Attorney’s planned gift to support F.I.N.S., attract girls to marine science
Jeanne V. Rowlee, Esq., has been fascinated by sharks since she was a little girl in New Jersey, watching Jacques Cousteau documentaries and perusing pictures of sharks in the National Geographic books her parents brought home.
“Every time we went to the beach, I would think, ‘There are sharks out there.’ To this day I say it. When I’m at the beach with my husband, I tell him, ‘You know they’re out there,’” she laughed.
Despite her abiding interest, Rowlee never thought that a career involving sharks was possible—particularly for a girl.
With that in mind, Rowlee recently made a life insurance gift to support the innovative Females in the Natural Sciences (F.I.N.S.) program at the Rosenstiel School of Marine and Atmospheric Science. F.I.N.S. encourages girls’ involvement in the sciences through engaging, hands-on experiences alongside female role models.
In appreciation for her gift, F.I.N.S. invited Rowlee and her husband, James D. (Jim) Rowlee, J.D. ’97, to participate in a recent day-long shark tagging excursion.
As the crew located lemon, blacktip, and nurse sharks off Key Biscayne and brought them aboard, about two dozen girls between the ages of 10 and 18, from local public and private schools, helped to pull in the drum lines and perform the workups—taking length measurements, extracting tissue samples, and attaching tags.

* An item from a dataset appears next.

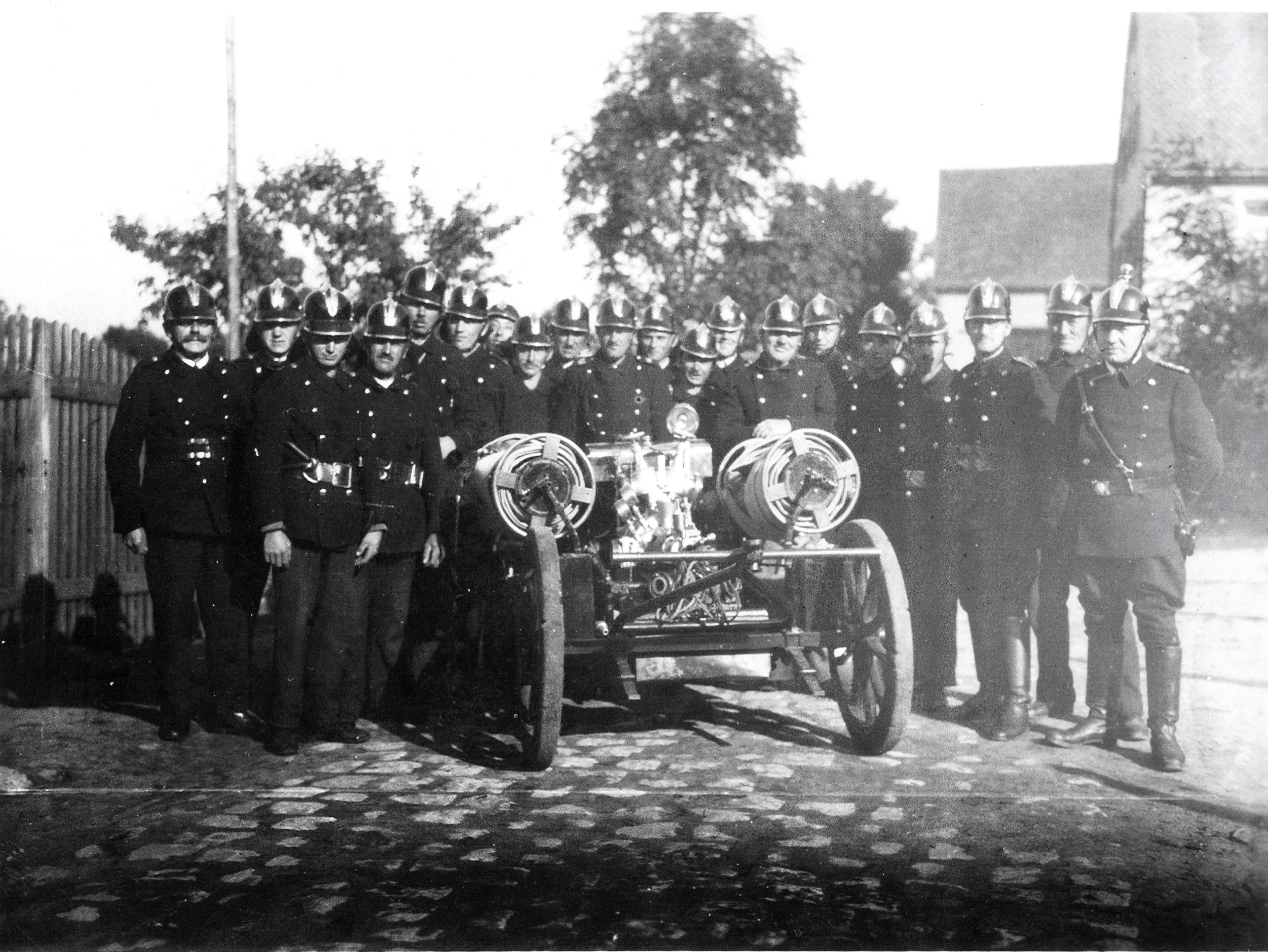 | Beschreibung | Freiwillige Feuerwehr Mannhof mit Schlauch- und Spritzenwagen ca. 1920 | ||

The crew members, all-female graduate students at the Rosenstiel School, also spoke to the girls in detail about their research concentrations. Professor Claire Paris, an expert in larvae and their migration as well as a world-class competitive freediver, talked about how these pursuits have taken her around the world.
“I was absolutely captivated,” Rowlee said. “My eyes were wide open the whole day.”
Rowlee was impressed that the girls might “have a totally different trajectory with their lives based on that one experience. I like to support the F.I.N.S. program as a woman, knowing that if I had had this experience at 12, 13, 14, I might have gone in a different direction,” she said.
F.I.N.S. is part of the broader community outreach efforts of the Shark Research and Conservation Program. Under the direction of Dr. Neil Hammerschlag, research associate professor at the Rosenstiel School and the Abess Center for Ecosystem Science and Policy, the SRC engages over 1,000 students from schools across Miami-Dade County each year.
About the impact of her planned gift, Rowlee said, “It’s nice to know that other people will have an opportunity to do something that I didn’t, and to know that sharks will continue to be researched and protected and studied by future generations, which means we’re making the world a better place.”